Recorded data
┄┄┄┄┄┄┄┄┄┄┄┄┄┄┄┄┄┄┄┄

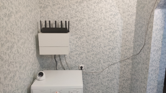 Ну и все подключаем, радуемся) Крепеж витой пары сделан временно, потом во время ремонта все уберется, как положено. Учитывая вопросы из комментариев, камера будет установлена в подъезде, тут она временно.
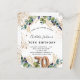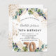 Para una fiesta de cumpleaños número 70. Un fondo blanco decorado con vegetación eucaliptos y hojas doradas. Lugares purpurinas de imitación dorada. Personalice y agregue sus nombres y detalles del boda. Letras de color negro y dorado. El número 70 se escribe con el tipo de letra de estilo globo. Parte posterior: fondo blanco y puntos purpurinas falsos dorados.
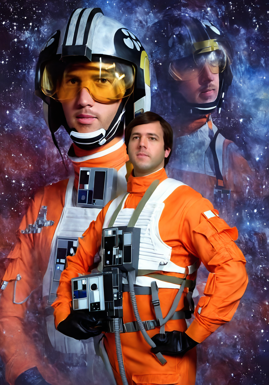 photo portrait, double exposure effect, a80psdxl, <lora:a80psdxl:1>, <lora:RebelpilotXLCopax:1> man in rebel pilot suit, starfield background, dark background
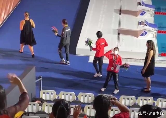 在頒獎儀式結(jié)束之后,全紅嬋和陳芋汐一起退場,有趣的是,全紅嬋橫著走過了觀眾席,像一只小螃蟹一樣“橫行無忌”,一邊走一邊向大家打招呼。
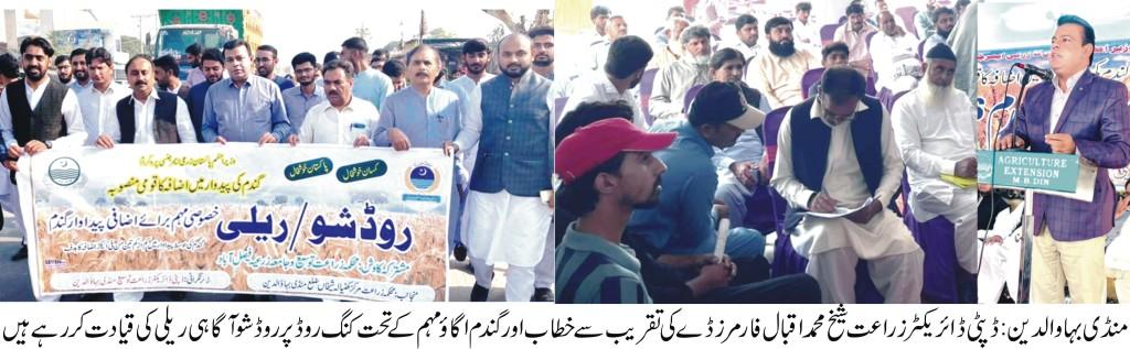 یاد رہے کہ زرعی یونیورسٹیزکے ساتھ محکمہ زراعت کی زیادہ گندم اگاﺅ مہم 5 نومبر تک جاری رہے گی۔ دریں اثناء زرعی یونیورسٹی فیصل آباد، بارانی زرعی یونیورسٹی راولپنڈی کے تعاون سے خصوصی گندم اگاﺅ مہم کے تحت کنگ روڈ پر ایک روڈ شو آگاہی ریلی کا انعقاد کیا گیا جس میں زراعت افسران سمیت کسانوں اور یونیورسٹیز کے طلباء و طالبات نے بھر پور شرکت کی۔
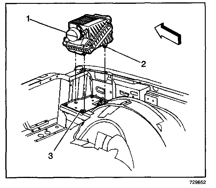 3. Grasp the air filter assembly (1) and pull the assembly retaining pins (2) away from the retaining grommets (3) and remove the assembly.
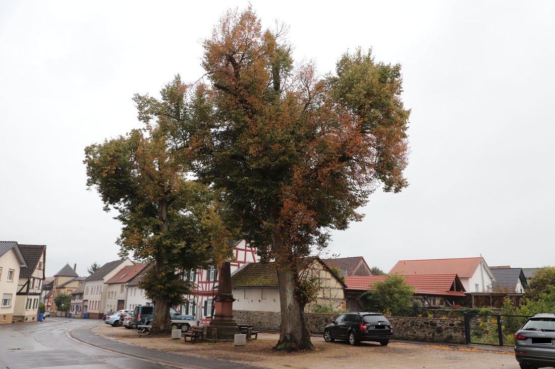 Die Tage der beiden Linden am Ehrenmal in der Echzeller Lindenstraße (Kreisstraße 181) sind gezählt – sie müssen im Oktober gefällt werden. Das teilt die Untere Naturschutzbehörde des Wetteraukreises mit. Die Bäume sind seit 1986 als Naturdenkmale ausgewiesen, weshalb sie in die Zuständigkeit der Behörde fallen, die ihren Zustand laufend überwacht. Die in diesem Jahr gute Belaubung täuscht über ihre schlechte Gesundheit hinweg: Die Bäume leiden unter vermutlichen Wurzelschäden sowie schlechten Standortbedingungen.
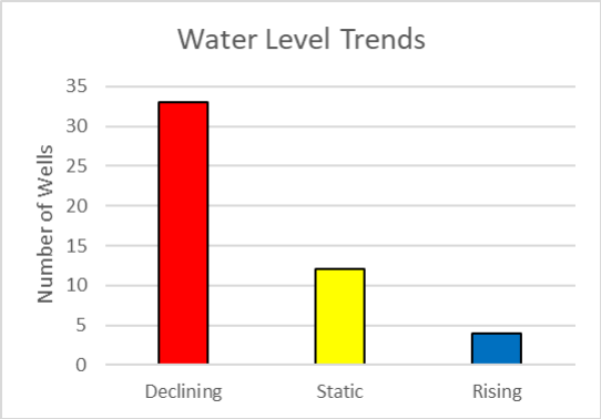 - We looked at all the data and found 49 GWSI wells with enough recent data for a trend*

┄┄┄┄┄┄┄┄┄┄┄┄┄┄┄┄┄┄┄┄

▶ _TASK DESCRIPTION_
In the data above, find the line with "یاد رہے کہ زرعی" and the line with "3. Grasp the". Please copy exactly those two lines and every line between them, but not the pictures.

▶ _FINISHED TASK_
 یاد رہے کہ زرعی یونیورسٹیزکے ساتھ محکمہ زراعت کی زیادہ گندم اگاﺅ مہم 5 نومبر تک جاری رہے گی۔ دریں اثناء زرعی یونیورسٹی فیصل آباد، بارانی زرعی یونیورسٹی راولپنڈی کے تعاون سے خصوصی گندم اگاﺅ مہم کے تحت کنگ روڈ پر ایک روڈ شو آگاہی ریلی کا انعقاد کیا گیا جس میں زراعت افسران سمیت کسانوں اور یونیورسٹیز کے طلباء و طالبات نے بھر پور شرکت کی۔
 3. Grasp the air filter assembly (1) and pull the assembly retaining pins (2) away from the retaining grommets (3) and remove the assembly.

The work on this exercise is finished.